Work to complete >>
Output each record below exactly. No images go in the copy.

Supplied material >>

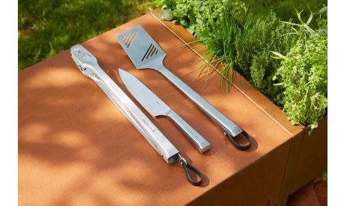 Premium set met spatel, tang en chef mes uit rvs 45.7cm
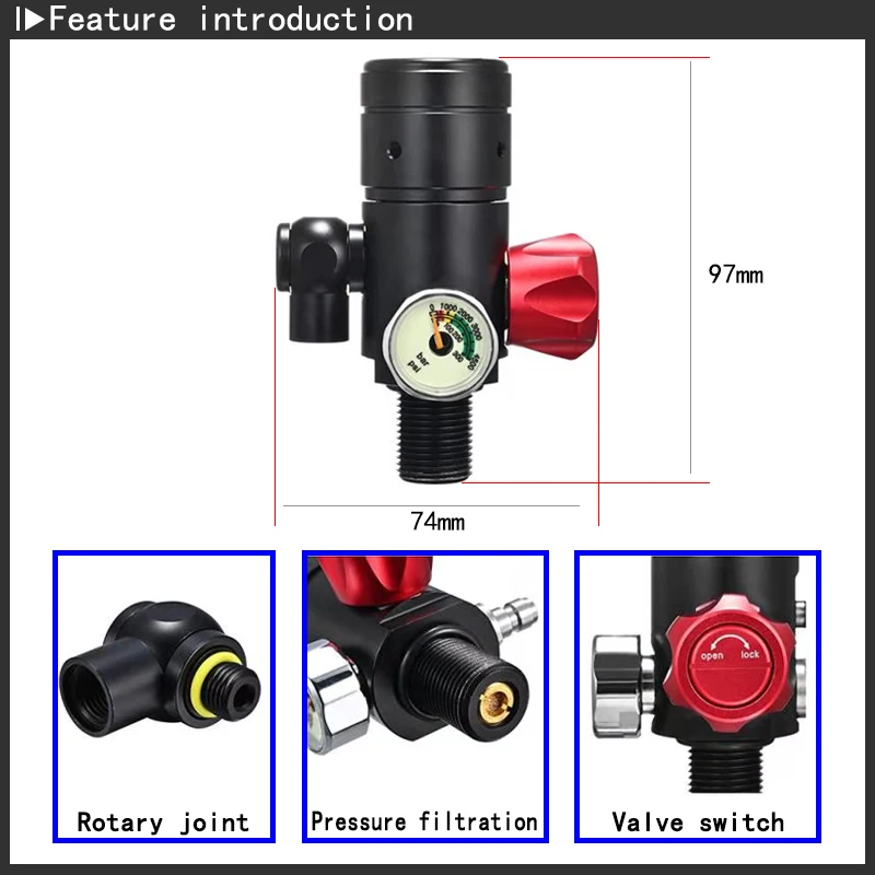 - The maximum filling pressure of this product is 3000PSI. Filling gas with oxygen content greater than 40% cannot be used. Please use clean and dry compressed air. Do not expose the product to an environment above 160 degrees Celsius or open flames.
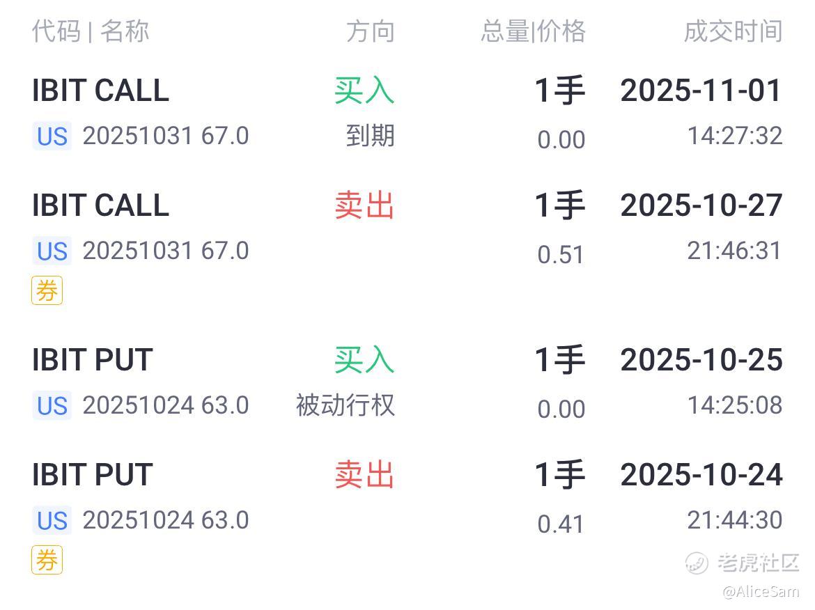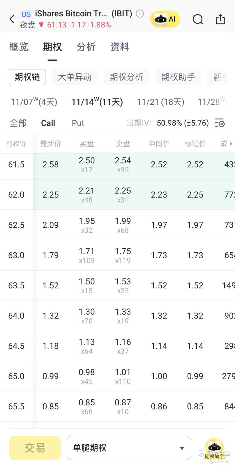 绕回来,针对我的IBIT这个情况,当前价 61,成本 63,跌幅还不是很大,但如果这个股票趋势继续走弱,Covered Call 权利金就会越来越低。我比较看好比特币中长期,所以我可以卖63或64行权价的近月Call,收取更多权利金,降低成本,或者卖 更远到期的66行权价Call,收取时间价值,等待反弹。
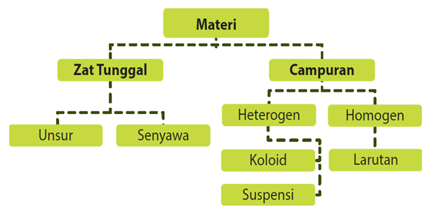 Semua benda yang ada di bumi kita tersusun dari materi. Ilmuwan menggolongkan materi berdasarkan komposisi dan sifatnya. Berdasarkan komposisinya, materi yang ada di alam dapat diklasifikasi menjadi zat tunggal dan campuran.
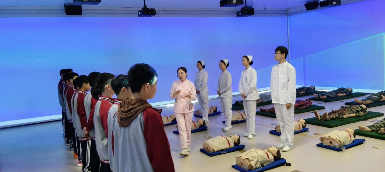 2026年4月15日下午,成都职业技术学院智慧康养实训中心迎来新津区花源初中50余名师生,开展 “医路启航:生命探索与急救技能实践营” 主题科普研学活动。本次活动依托实训中心一楼专业场馆资源,以 “提升青少年健康素养、增强急救实践能力、激发医学职业认知”为宗旨,通过理论与实践深度融合的课程设计,为初中生带来了一堂别开生面的医学健康实践课。

Solved exercise >>
 Premium set met spatel, tang en chef mes uit rvs 45.7cm
 - The maximum filling pressure of this product is 3000PSI. Filling gas with oxygen content greater than 40% cannot be used. Please use clean and dry compressed air. Do not expose the product to an environment above 160 degrees Celsius or open flames.
 绕回来,针对我的IBIT这个情况,当前价 61,成本 63,跌幅还不是很大,但如果这个股票趋势继续走弱,Covered Call 权利金就会越来越低。我比较看好比特币中长期,所以我可以卖63或64行权价的近月Call,收取更多权利金,降低成本,或者卖 更远到期的66行权价Call,收取时间价值,等待反弹。
 Semua benda yang ada di bumi kita tersusun dari materi. Ilmuwan menggolongkan materi berdasarkan komposisi dan sifatnya. Berdasarkan komposisinya, materi yang ada di alam dapat diklasifikasi menjadi zat tunggal dan campuran.
 2026年4月15日下午,成都职业技术学院智慧康养实训中心迎来新津区花源初中50余名师生,开展 “医路启航:生命探索与急救技能实践营” 主题科普研学活动。本次活动依托实训中心一楼专业场馆资源,以 “提升青少年健康素养、增强急救实践能力、激发医学职业认知”为宗旨,通过理论与实践深度融合的课程设计,为初中生带来了一堂别开生面的医学健康实践课。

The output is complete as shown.